- THE INPUT:
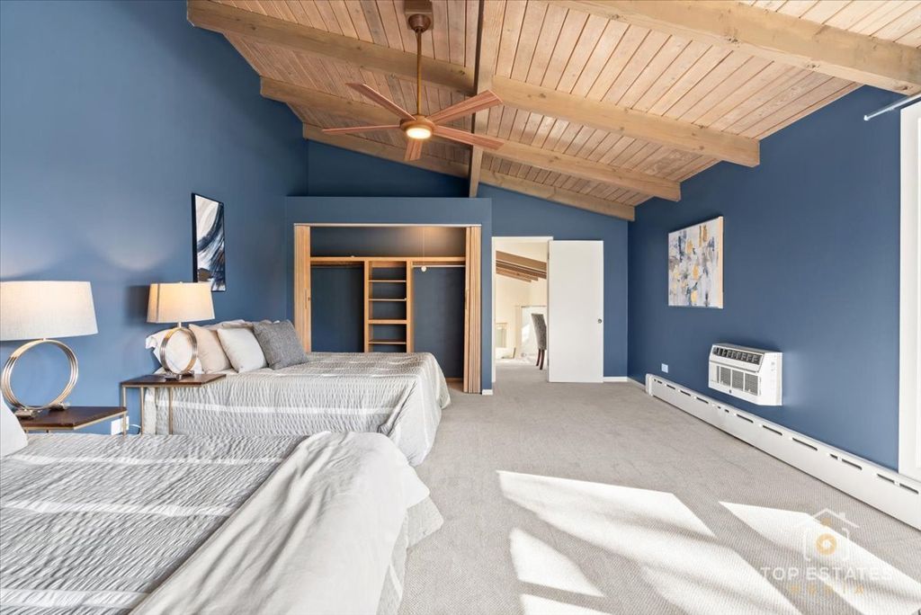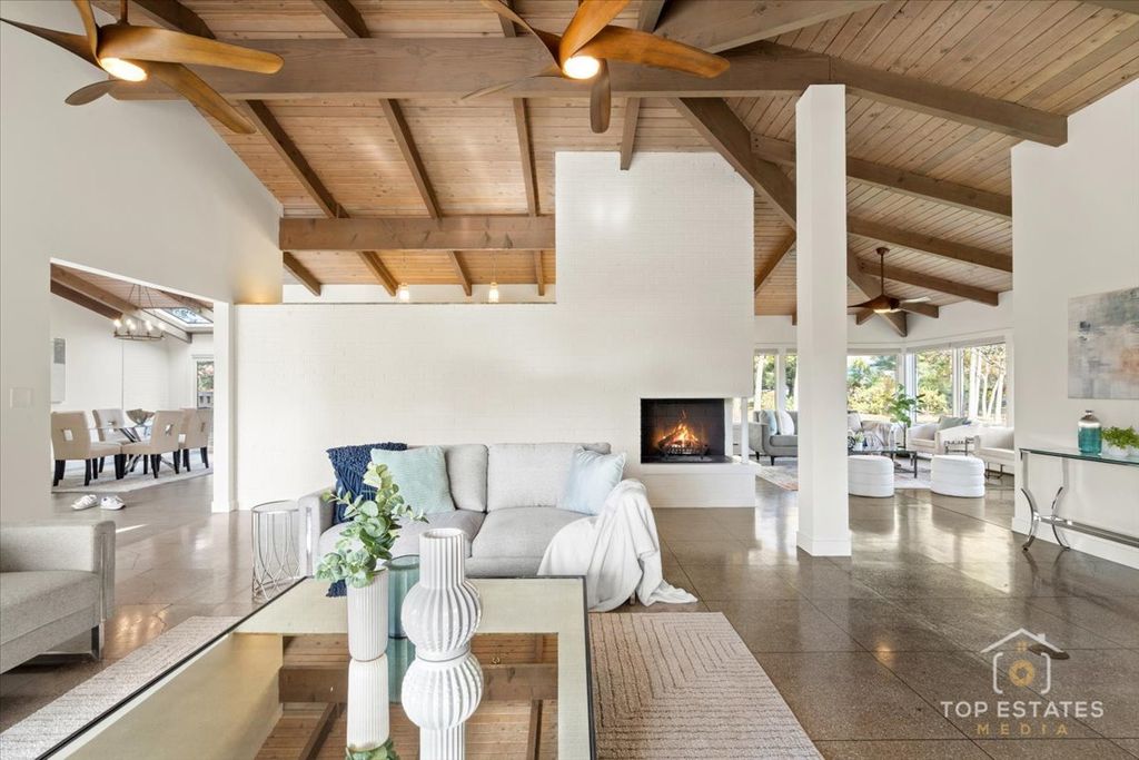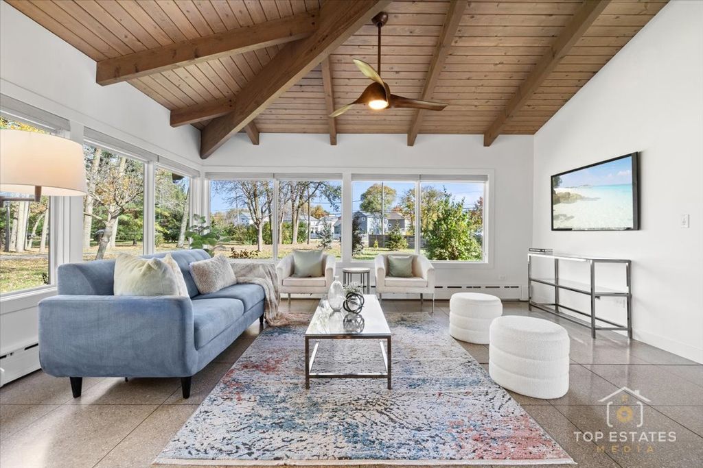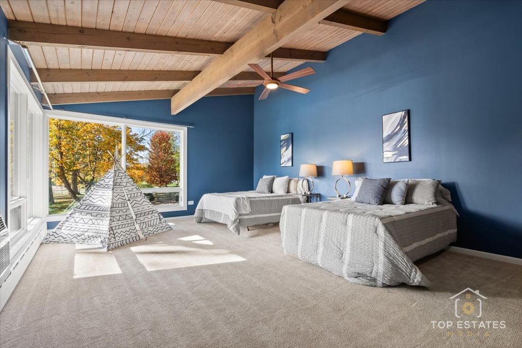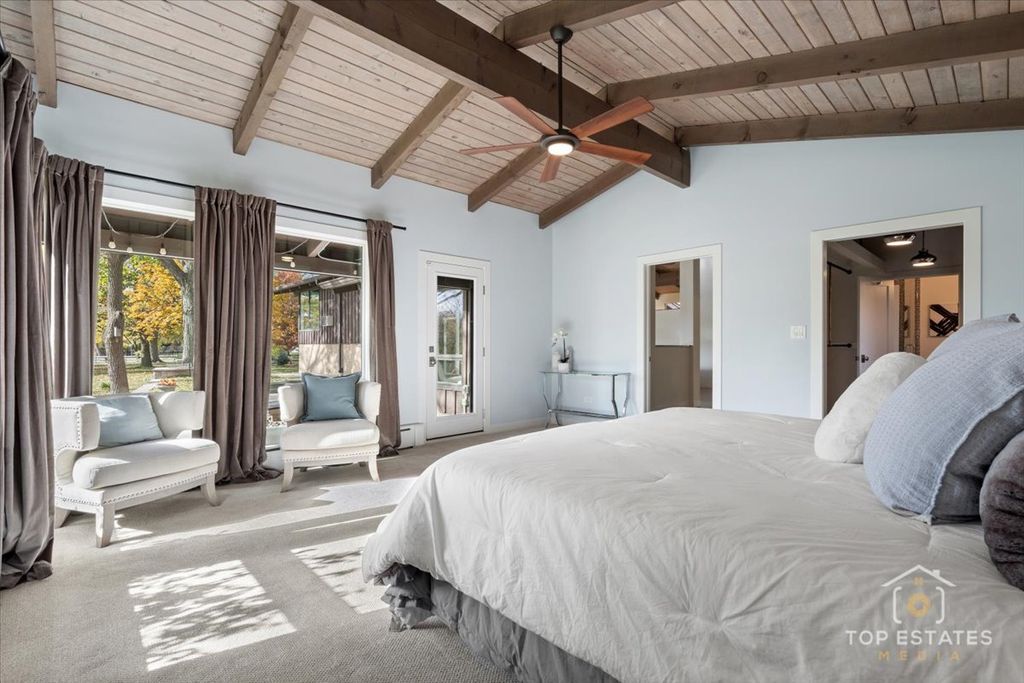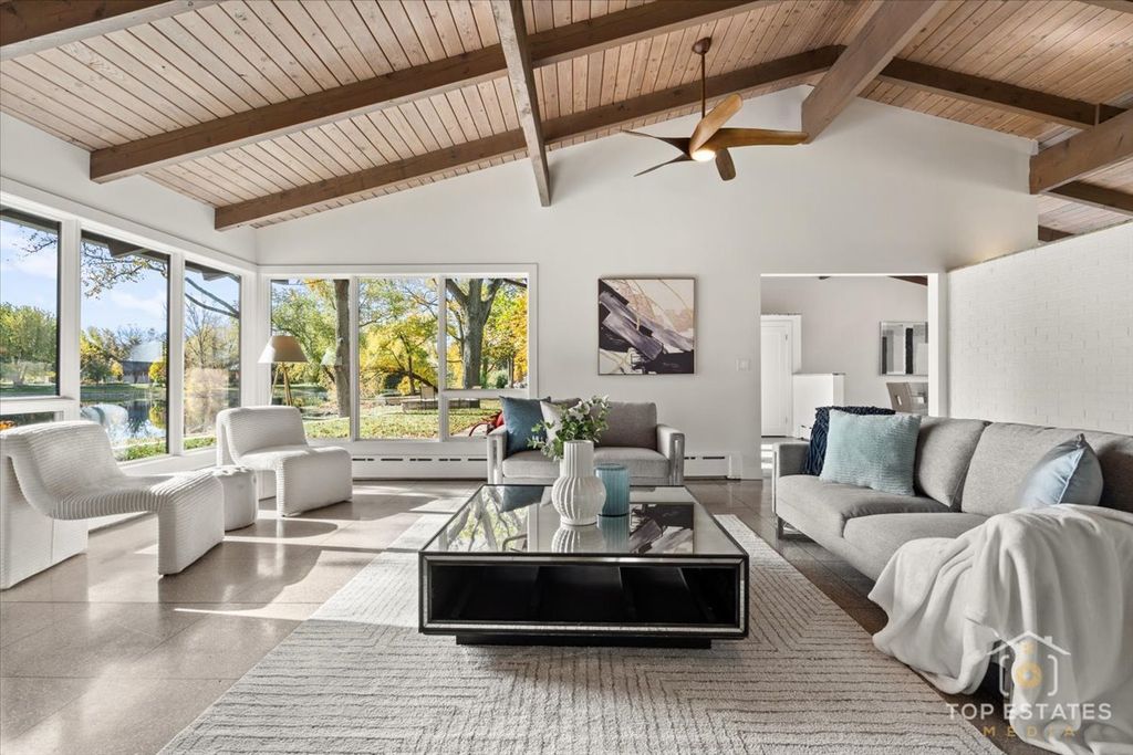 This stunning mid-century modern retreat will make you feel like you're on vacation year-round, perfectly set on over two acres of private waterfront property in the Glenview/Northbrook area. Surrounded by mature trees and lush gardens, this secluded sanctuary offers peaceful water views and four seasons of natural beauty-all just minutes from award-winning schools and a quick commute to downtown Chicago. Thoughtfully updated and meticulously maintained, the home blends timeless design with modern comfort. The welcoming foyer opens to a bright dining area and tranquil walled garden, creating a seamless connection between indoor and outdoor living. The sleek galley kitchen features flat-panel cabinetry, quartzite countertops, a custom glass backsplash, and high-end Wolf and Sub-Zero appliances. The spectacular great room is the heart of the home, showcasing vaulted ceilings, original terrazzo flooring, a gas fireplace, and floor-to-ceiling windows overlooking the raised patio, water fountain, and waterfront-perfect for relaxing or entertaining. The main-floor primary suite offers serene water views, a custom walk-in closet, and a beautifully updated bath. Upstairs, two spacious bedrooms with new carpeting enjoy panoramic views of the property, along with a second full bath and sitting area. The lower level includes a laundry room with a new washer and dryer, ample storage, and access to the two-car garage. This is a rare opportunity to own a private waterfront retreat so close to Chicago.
==
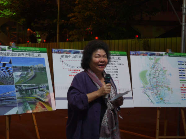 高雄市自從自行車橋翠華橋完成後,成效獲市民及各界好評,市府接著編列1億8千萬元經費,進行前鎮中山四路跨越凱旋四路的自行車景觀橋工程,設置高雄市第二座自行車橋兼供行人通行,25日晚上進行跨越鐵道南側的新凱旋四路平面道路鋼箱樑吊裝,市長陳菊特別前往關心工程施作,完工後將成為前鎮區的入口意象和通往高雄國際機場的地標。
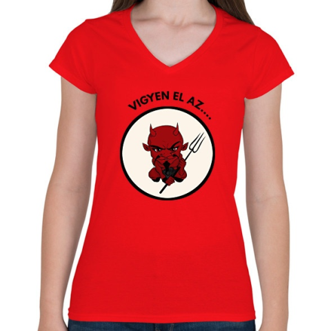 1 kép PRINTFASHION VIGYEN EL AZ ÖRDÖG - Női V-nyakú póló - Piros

- REQUIREMENT: What you return must match, character for character, the lines above from the one with "高雄市自從自行車橋翠華橋完成" through the one with "1 kép PRINTFASHION", minus any pictures.

- OUTPUT:
 高雄市自從自行車橋翠華橋完成後,成效獲市民及各界好評,市府接著編列1億8千萬元經費,進行前鎮中山四路跨越凱旋四路的自行車景觀橋工程,設置高雄市第二座自行車橋兼供行人通行,25日晚上進行跨越鐵道南側的新凱旋四路平面道路鋼箱樑吊裝,市長陳菊特別前往關心工程施作,完工後將成為前鎮區的入口意象和通往高雄國際機場的地標。
 1 kép PRINTFASHION VIGYEN EL AZ ÖRDÖG - Női V-nyakú póló - Piros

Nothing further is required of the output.